Tuesday Evening in Vancouver, Regina Waldman of JIMENA,

"It's a small world, after all, it's a small, small world", and I love its synchronicity.

These words were ringing in my ears as I opened one of the myriad of emails in my inbox as I was trying to catch up since returning home. There, was an invitation to hear Regina Waldman speak and show a movie on January 19th at the King David School in Vancouver. Regina is the co-founder of JIMENA, "Jews, Indigenous to the Middle East and North Africa". I have been fascinated with her story and the organization since being put in touch with her through Retired Israeli Ambassador Asher Naim, who like Ms Waldman, was born in Tripoli, Libya. Ambassador Naim, after his service to Israel in helping to get the Russian Jews to Israel through Finland, helping to get Zionism is Racism removed from the UN Charter and was ambassador to Ethiopia at the time of Operation Solomon, now works tirelessly to help the Ethiopian Beta Israel or "Falashan" Jews who emigrated to Israel. When he suggested we speak months ago, neither of us imagined we would meet in Vancouver instead of Ethiopia or San Francisco, where she lives.

Born in Libya in 1948, Gina and her family were forced to flee her home country in 1967 with only the clothes on their back and $20.Born in Tripoli to a family that had lived in Libya for centuries, she was persecuted, nearly murdered and brutally expelled from her homeland in 1967, all because she was a Jew.She speaks of how she grew up in a hate-filled country, including her own school.As a young child she recalls the adversity she faced in going to school in an Arabic country.
It was the end of the Six-Day War; from 1948 to 1970, nearly a million Jews were forced to flee their homes in Arab lands.

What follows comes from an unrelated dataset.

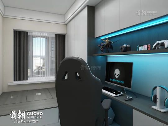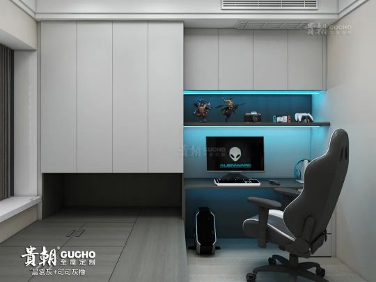 擁有一間電競房,是每一位電競愛好者的追求。男主人是一名重度電競愛好者,喜歡打游戲、看比賽,因此,小次臥被設計成了榻榻米兼電競房,簡單的書桌,舒適的電競椅,成套的鼠鍵耳機,藍色的燈光設計營造出酷炫的未來科技感,氛圍感直接拉滿。

As her family fled on a bus to the airport, the driver attempted to set the bus aflame and murder all the passengers.

After settling in America, Bublil became a leading activist in the Soviet Jewry movement, for which she received the Martin Luther King, Jr. Humanitarian Award. As director of the Bay Area Council for Soviet Jewry, Waldman was instrumental in winning freedom for thousands of Soviet Jews like Natan Sharansky. She has since also been instrumental in helping the Jews of Chile and Argentina.

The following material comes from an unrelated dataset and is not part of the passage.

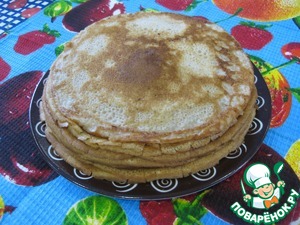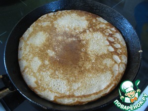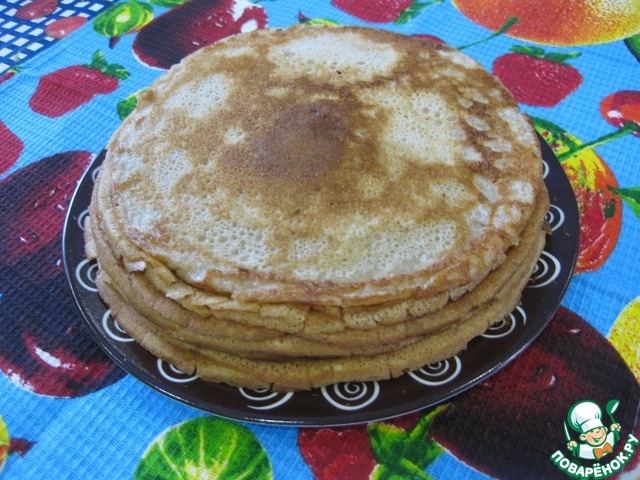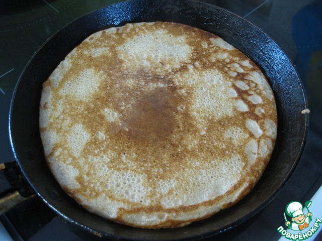 Из этого количества теста выходит примерно 10 блинчиков диаметром 16-17 см (не большие).

In March 2008 she testified at the UN Human Rights Council in Geneva about the Jewish refugees from Arab countries.

http://www.youtube.com/watch?v=JnwmzCt99LQ

Using her personal story, she sheds light on the unknown history of the “Forgotten Refugees:” She recently testified before Congress on the plight of the nearly one million Jews who were made refugees from the Arab Countries.

Together with Joseph Abdel Wahed, Waldman founded JIMENA (Jews Indigenous to the Middle East and North Africa) to bear witness to the suffering of other Jewish refugees from Arab lands.